Kondisi ini membuat Presiden Soeharto menerima proposal reformasi IMF pada tanggal 15
Januari 1998 dengan ditandatanganinya Letter of Intent (Nota Kesepakatan) antara Presiden
Soeharto dan Direktur Pelaksana IMF Michele Camdesius. Namun, kemudian Presiden
Soeharto menyatakan bahwa paket IMF yang ditandatanganinya membawa Indonesia pada
sistem ekonomi liberal. Hal ini menyiratkan bahwa pemerintah Indonesia tidak akan
melaksanakan perjanjian IMF yang berisi 50 butir kesepakatan tersebut. Situasi tarik
menarik antara pemerintah dan IMF itu menyebabkan krisis ekonomi semakin memburuk.
Pada saat krisis semakin dalam, muncul ketegangan-ketegangan sosial dalam masyarakat.
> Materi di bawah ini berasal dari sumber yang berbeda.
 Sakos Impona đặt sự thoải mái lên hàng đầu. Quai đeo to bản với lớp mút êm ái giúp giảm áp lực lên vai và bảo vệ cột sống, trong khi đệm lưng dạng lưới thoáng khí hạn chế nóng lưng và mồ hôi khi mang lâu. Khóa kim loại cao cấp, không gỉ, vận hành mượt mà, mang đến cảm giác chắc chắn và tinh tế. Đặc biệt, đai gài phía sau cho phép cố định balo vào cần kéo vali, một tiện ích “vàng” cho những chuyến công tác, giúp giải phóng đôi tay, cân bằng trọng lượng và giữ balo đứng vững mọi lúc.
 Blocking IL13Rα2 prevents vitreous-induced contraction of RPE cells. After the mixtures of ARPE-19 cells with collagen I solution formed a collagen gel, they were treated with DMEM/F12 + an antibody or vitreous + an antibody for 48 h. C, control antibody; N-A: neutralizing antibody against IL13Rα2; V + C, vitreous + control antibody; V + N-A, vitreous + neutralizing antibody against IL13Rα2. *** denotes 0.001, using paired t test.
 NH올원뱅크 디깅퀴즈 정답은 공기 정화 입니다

Pada bulan-bulan awal 1998 di sejumlah kota terjadi kerusuhan anti Cina. Kelompok ini
menjadi sasaran kemarahan masyarakat karena mereka mendominasi perekonomian di
Indonesia. Krisis ini pun semakin menjalar dalam bentuk gejolak-gejolak non ekonomi
lainnya yang membawa pengaruh terhadap proses perubahan selanjutnya.
Sementara itu, sesuai dengan hasil Pemilu ke-6 yang diselenggarakan pada tanggal 29 Mei
1997, Golkar memperoleh suara 74,5%, PPP 22,4%, dan PDI 3%. Setelah pelaksanaan pemilu
tersebut perhatian tercurah pada Sidang Umum MPR yang dilaksanakan pada Maret 1998.
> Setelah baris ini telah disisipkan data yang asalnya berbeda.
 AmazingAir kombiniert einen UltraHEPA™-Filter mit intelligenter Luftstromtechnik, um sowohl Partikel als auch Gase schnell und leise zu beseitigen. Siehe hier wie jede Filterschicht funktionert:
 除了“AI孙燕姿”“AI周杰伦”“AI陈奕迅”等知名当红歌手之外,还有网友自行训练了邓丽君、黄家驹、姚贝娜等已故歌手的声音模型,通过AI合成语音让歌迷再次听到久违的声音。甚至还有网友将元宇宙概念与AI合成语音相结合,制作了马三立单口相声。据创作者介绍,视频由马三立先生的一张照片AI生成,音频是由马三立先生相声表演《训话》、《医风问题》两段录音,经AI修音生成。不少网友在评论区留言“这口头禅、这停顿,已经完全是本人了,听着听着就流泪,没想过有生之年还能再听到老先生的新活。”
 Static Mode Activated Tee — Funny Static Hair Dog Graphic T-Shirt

Sidang umum MPR ini akan memilih presiden dan wakil presiden. Sidang umum tersebut
kemudian menetapkan kembali Soeharto sebagai presiden untuk masa jabatan lima tahun
yang ketujuh kalinya dengan B.J. Habibie sebagai wakil presiden.
Dalam beberapa minggu setelah terpilihnya kembali Soeharto sebagai Presiden RI,
kekuatan-kekuatan oposisi yang sejak lama dibatasi mulai muncul ke permukaan.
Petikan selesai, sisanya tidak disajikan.